What I find most intriguing are one of the claimed theoretical results (about T-duality applied to new inflation) and the concept attributed to "Nelson", of "instanton liquids at the edge of our universe" (which are "transverse"). Let's focus on the latter.
My preferred interpretation of transverseness would be in the sense of extra dimensions, forming a "bulk" outside an extended object like a braneworld. The boundary of a space at infinity can be rotating, I have learned today; so why couldn't an entity at such a boundary also be "transverse"? Perhaps the most sensible interpretation of all would be to see it as a statement about the asymptotic properties of a field: that they have a nonvanishing transverse component at infinity. So now we know what Nelson was saying: that certain instanton liquids remain transverse even at the "edge of our universe" (perhaps this refers to the cosmological horizon). But H.R. Gell-Mann disagrees!

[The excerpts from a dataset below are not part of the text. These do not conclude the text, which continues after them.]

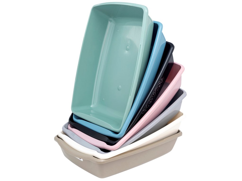Plastová kočičia toaleta s okrajem zabraňuje vypadávaniu podstielky. Jednoduchá údržba, vhodná pre všetky mačky a mačiatka.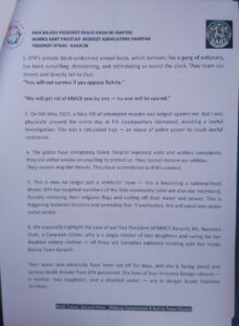 افواجِ پاکستان کے سربراہ و تمام ریاستی اداروں کے سربراہان اور پریس کلب کی پریس کانفرنس اور خدائی خدمت گار ماہر قانون ڈاکٹر سید محمود اختر نقوی اور رہائشی بحریہ ٹاؤن کی پریس کانفرنس اور ہمارے ساتھی بحریہ ٹاؤن ریزیڈنس کمیٹی کے صابق جنرل سیکٹری جناب یوسف طارق صاحب کی حقائق پر مبنی درخواست اور ریزیڈنس کمیٹی کے صدر جناب عامر مجید صاحب کی دی ہوئی درخواست اس تحریر کے ساتھ منسلک ہے جناب ڈپٹی کمشنر ڈسٹرک ملیر جناب ابڑو صاحب نے بحریہ ٹاؤن انتظامیہ کے سینئر جنرل منیجر Facilitation center Maitenance Department Bahria Town Karachi کو حکم دیا کہ تمام بجلی کی کنکشن اور پانی کے کنکشن جو کہ بحریہ ٹاؤن نے غیر قانونی طور پر کاٹے ہیں فورا بحال کئے جائیں اور جناب ڈپٹی کمشنر ملیر کو تعمیل حکم کی رپوٹ دی جائے اس حکم نامے کی کاپی جناب SSP POLICE ڈسٹرک ملیر اور اسسٹنٹ کمشنر سب ڈویژن گڈاب ٹاؤن ڈسٹرک ملیر اور جناب یوسف طارق صاحب کو انفامیشن کاپی ارصال کی ہے تاکہ جناب ڈپٹی کمشنر ڈسٹرک ملیر کے حکم کی تعمیل کرائی جائے تاکہ متاثرین بجلی او پانی کے کنکشن کو فوری طور پر بحال کیا جائے جس کے لئے ہم شکر گزار ہیں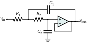 A popular circuit implementing a second order active R-C filter is the Sallen-Key design, whose schematic diagram is shown here. This topology can be adapted to produce low-pass, band-pass, and high pass filters.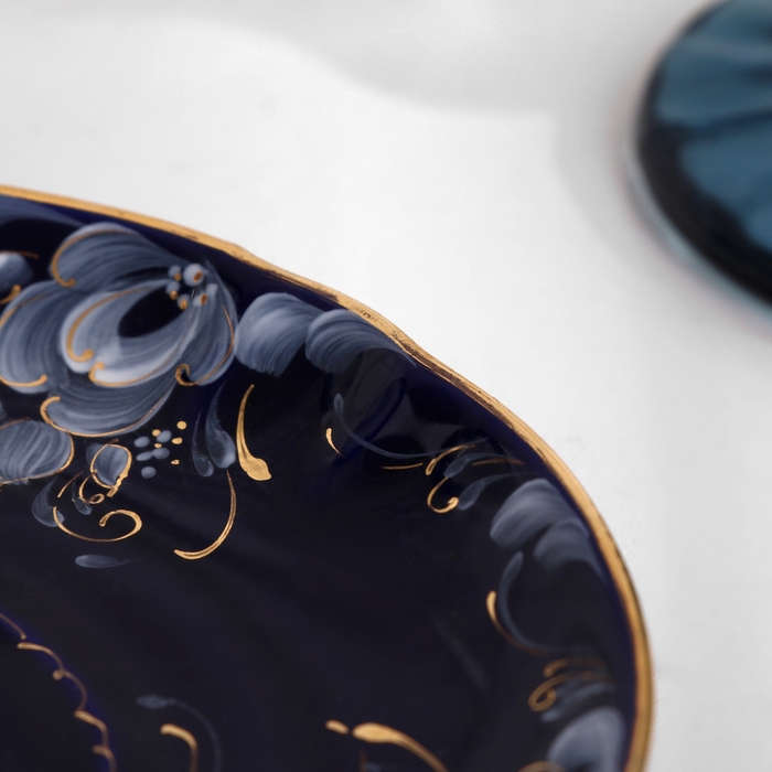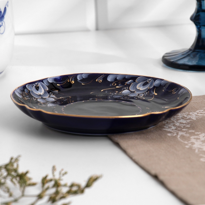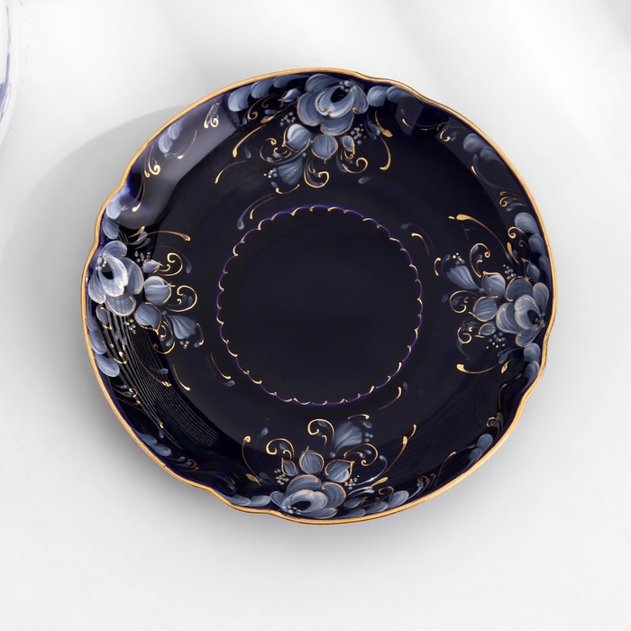 Блюдце "Весна", d-14,5см, кобальтовая глазурь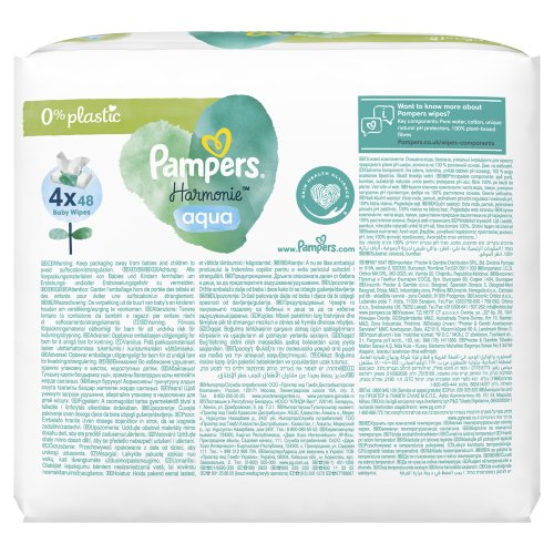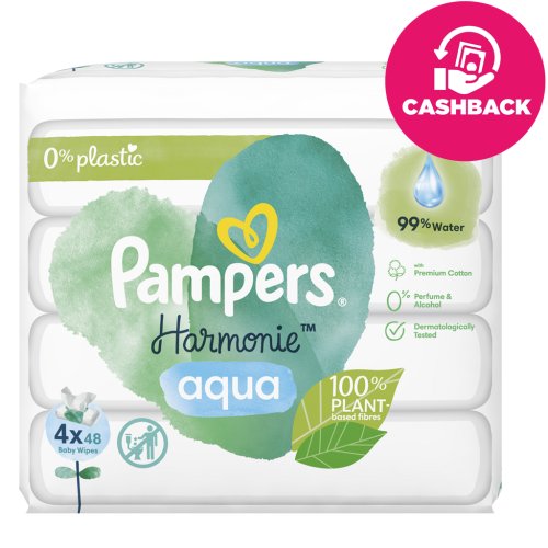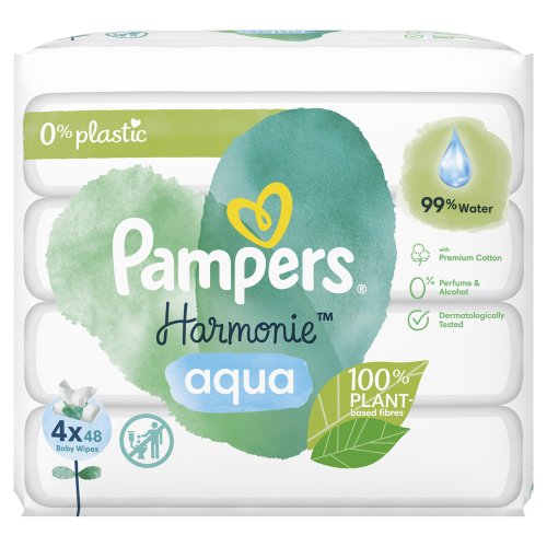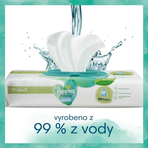 Pokožka novorozenců je velmi citlivá a zaslouží si šetrnou ochranu již při výměně plenky. Dětské čisticí ubrousky Pampers Harmonie Aqua obsahují 99 % vody pro úplnou ochranu pokožky. Obsahují 0 % plastů a jsou vyrobené z prémiové bavlny: 100% rostlinná vlákna. Jedinečné složení je dermatologicky testované a chrání pokožku lépe než vodou navlhčená bavlněná látka, aby jemně čistily i tu nejcitlivější pokožku a chránily ji před podrážděním. Protože jsou čisticí ubrousky Pampers Harmonie Aqua navržené s ohledem na citlivou pokožku novorozenců, jsou bez alkoholu, parfemace a barviv.

Let's now tackle the concept of a "flavor Planck large mass extension of String Theory deformed by Wilson lines". The first few words are admittedly hard to parse. Is it a "flavor Planck" "large mass extension", or a "flavor" "Planck large mass extension"? I'm going to go for the latter, further sub-parsed as a "Planck-large mass extension", and I'll tentatively interpret it as being about adding a Romans mass to supergravity that is as large as the Planck mass. That it is "flavor" must have to do with the way that the Romans mass is introduced - e.g. in a way that involves flavor degrees of freedom, rather than color degrees of freedom. "Deformed by Wilson lines" is an ordinary wholesome concept, but not one we can do anything with (interpretively) unless we know more details. But at least we now know what sort of modification of string theory H.R. Gell-Mann was considering.
The most intriguing remaining sentence is the last: "When evaluating Randall-Euler RS1, we deduce that the strong CP problem is microscopic." RS1 is already Randall-Sundrum scenario 1, so we would appear to be dealing with a "Randall-Euler" variation on RS1. One would normally suppose that this was introduced in a paper by Randall and Euler, but Leonhard Euler died centuries before Lisa Randall was born. The next hermeneutic tactic, therefore, should be to suppose that "Euler" here is being used to denote a radical postmortem generalization of one of the dead mathematician's concepts. Euler himself furnishes an example, though it comes from outside physics: an Euler filter is a type of data filter, employed in computer animation, which utilizes Euler angles. Euler himself introduced the Euler angles, but computer graphics are definitely a post-Eulerian development. In any case, "Randall-Euler" must then denote a generalization (probably due to Lisa Randall) of the generalization of Euler's original concept, which is at work here. For a space to be Randall-Euler may mean that it has a particular geometric or topological property.
But what can it mean for the strong CP problem to "be microscopic"? The strong CP problem is the question of why QCD doesn't produce CP violation. Most likely, H.R. Gell-Mann is telling us that the reason for this is to be found in the microscopic (fundamental) variables realizing an effective field theory or other low-energy model.
Finally, let us return to the original intriguing conception, the "T-dual of new inflation". New inflation is rather old now - it dates from 1982 - but it is one of the standard inflationary scenarios. One paper succinctly characterizes it as a model "where the inflaton field rolls from a potential maximum at phi = 0 to a minimum at a symmetry breaking value phi = nu", and adds that the original new inflation model employed a Coleman-Weinberg potential. T-duality is a concept in string theory, and it is unsurprising that someone should consider whether string theoretic realizations of new inflation have T-duals, or that they would find that the existence of a T-dual description imposes stringent, perhaps "impossible", constraints.
All in all, then, although H.R. Gell-Mann's phrasing is not the best, we can see rather a lot of meaning in this abstract, and an expert in new inflation might be able to continue the game of interpretation considerably further and deeper than this.